Nuestros enemigos, y todos los demás en nuestro país y en el mundo, saben que nosotros y ustedes resistimos y perseveramos para proteger nuestra existencia y subsanar las deficiencias de nuestro Estado. No luchamos ni derramamos nuestra sangre más preciada por aquellos a quienes algunos llaman “los otros”, para justificar su propia negligencia e impotencia.

Nosotros y ustedes, oh pueblo nuestro, cumplimos con nuestro deber nacional, humanitario y moral de defensa contra el enemigo sionista: preservar y proteger nuestra existencia, nuestra tierra, nuestro país y nuestra gente, e impedir que los criminales sigan atacando a nuestro país y nuestra región.
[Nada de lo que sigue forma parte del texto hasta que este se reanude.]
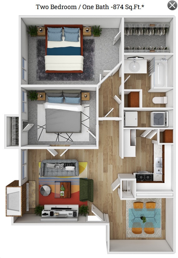 2 Beds, 1 Bath, 874 sq ftAvailable NowCheapest 2 BedroomThis is the cheapest 2 Bedroom at this PropertyModel Gallery
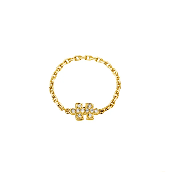 Akillis – Anillo Mini Puzzle Cadena, Oro Amarillo y Diamantes – Ref.: RMP0004 – Talla: 54
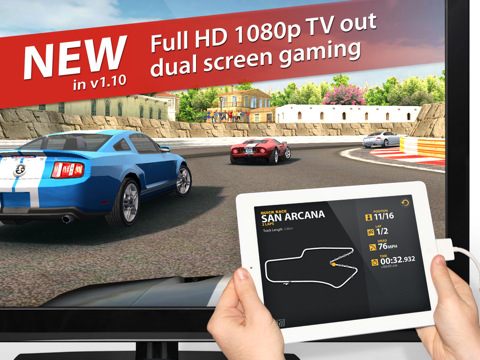 What's New In This Version: * Full HD 1080p TV-out and dual screen gaming support on iPad 2. Experience Real Racing 2 HD like never before in stunning, true 1080p while real-time racing telemetry is displayed on iPad 2 * Enhanced visuals for Alkeisha Island and San Arcana tracks on iPad 2 * Memory optimizations to minimize crashes * Various minor improvements and fixes
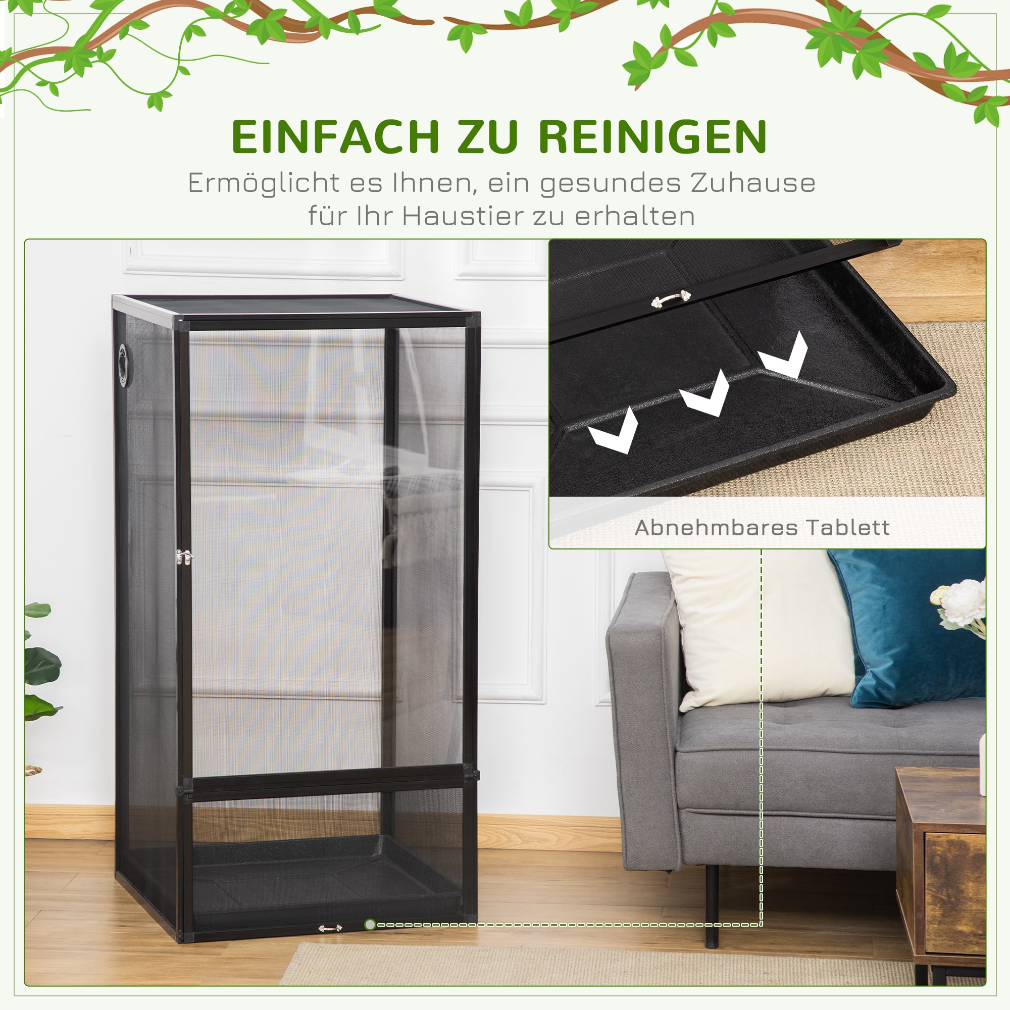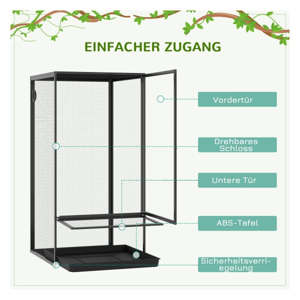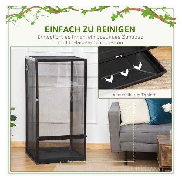 Het terrarium is voorzien van een acryl deur waardoor u uw huisdieren goed kunt observeren. De verwijderbare vloerpan en vloerdeur maken het schoonmaken en onderhouden van het terrarium een fluitje van een cent.
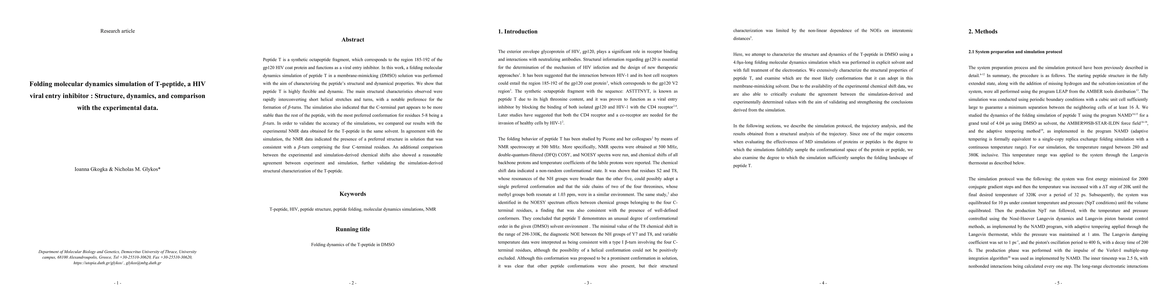 A molecular dynamics simulation of peptide T reveals its high flexibility and dynamic nature, with a preferred structure that includes a beta-turn motif, validated by experimental NMR data.
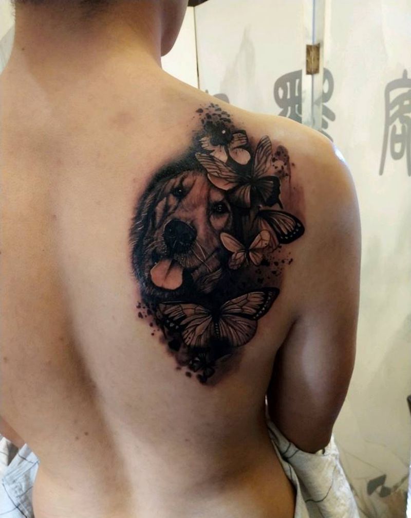 当前位置: 首页 >云南省昆明市纹身店-昆明 纹人墨刻刺青纹身图案>狗狗纹身图片_背部欧美写实水墨纹身图案
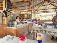 We eventually reached the road and walked on it a ways, laughing at what we must look like- clad in rubber boots and swimsuits and covered in mud. Eventually we reached the same restaurant where we’d eaten our other meals. Carlos told us to hang out while he went to get the truck. We cleaned up as best we could and waited on him and for our lunch to be ready. Carlos eventually returned and we had lunch. Scott had tilapia again (fried) and I was finally hungry again and had chicken.
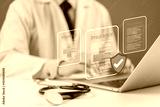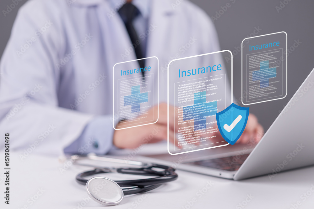 Health insurance concept with digital document interface and shield icon, smart insurance, and secure patient information.Healthcare data management

Una región que no será protegida de las ambiciones sionistas mediante una alianza con Estados Unidos, patrocinador del terrorismo sionista, ni siquiera mediante la normalización de relaciones con los ocupantes y usurpadores sionistas racistas.

A quienes nos apoyaron, nos respaldaron y defendieron nuestra justicia: gracias y les estamos profundamente agradecidos.

En cuanto a quienes nos abandonaron y se quedaron de brazos cruzados presenciando los crímenes de nuestro enemigo sin pronunciar una sola palabra de condena ni mover un dedo contra él, la historia juzgará su actitud derrotista.

En cuanto a quienes colaboraron con el enemigo sionista y afirmaron ser amigos de nuestro país mientras suministraban armas, equipo, municiones y todo tipo de recursos a los ocupantes, conocemos bien su hipocresía, y consta en nuestros registros. Pero aconsejamos a nuestros aliados en la patria, que se dejan engañar por estos hipócritas internacionales, que no confíen en sus mentiras y promesas. Porque el bien que buscan estas potencias es para sí mismas y para nuestro enemigo. Y el supuesto «bien» que pretenden alcanzar es engañarlos, controlar su país y repartirse el botín con los invasores sionistas a quienes apoyan.

En cuanto a nosotros…
Nos mantenemos, oh pueblo nuestro, fieles a la promesa que les hicimos y a la esperanza que depositaron en nosotros, firmes en nuestra lucha contra la ocupación y la agresión criminal contra nuestra tierra.

Hemos plantado nuestros pies con firmeza en la tierra y ofrecido nuestras vidas a Dios. Entregamos todo nuestro ser por su causa y su complacencia. Él es nuestro Señor y nuestro Maestro; ¡qué excelente Maestro y qué excelente Auxiliador!

Dios ha prometido a los creyentes pacientes y a los luchadores sinceros una victoria poderosa y segura, y su promesa es verdadera. Esa es una gracia y un favor suyo que esperamos merecer, y que alegre nuestros ojos en este mundo. Y si el martirio está escrito para nosotros, entonces es una medalla de honor y elevación para nosotros en este mundo y en el Más Allá.

Oh pueblo nuestro…
Somos sus hijos y sus hermanos. Continuamos nuestro camino de resistencia.
Decimos a todos los que nos escuchan lo que dijo nuestro Imam Hussein, Maestro de los Mártires, la paz sea con él:

«¿Acaso no veis que la verdad no se practica y la falsedad no se frena? Que el creyente, pues, anhele encontrarse con su Señor en la verdad».

«Consideramos la muerte como una felicidad absoluta, y la vida con los opresores como un aburrimiento insoportable».

«Quienes obran mal sabrán adónde les espera, y el fin es para los justos».

«Y la victoria solo proviene de Alá, el Todopoderoso, el Sabio».

«Y era Nuestro deber ayudar a los creyentes».

Que la paz, la misericordia y las bendiciones de Dios sean con vosotros.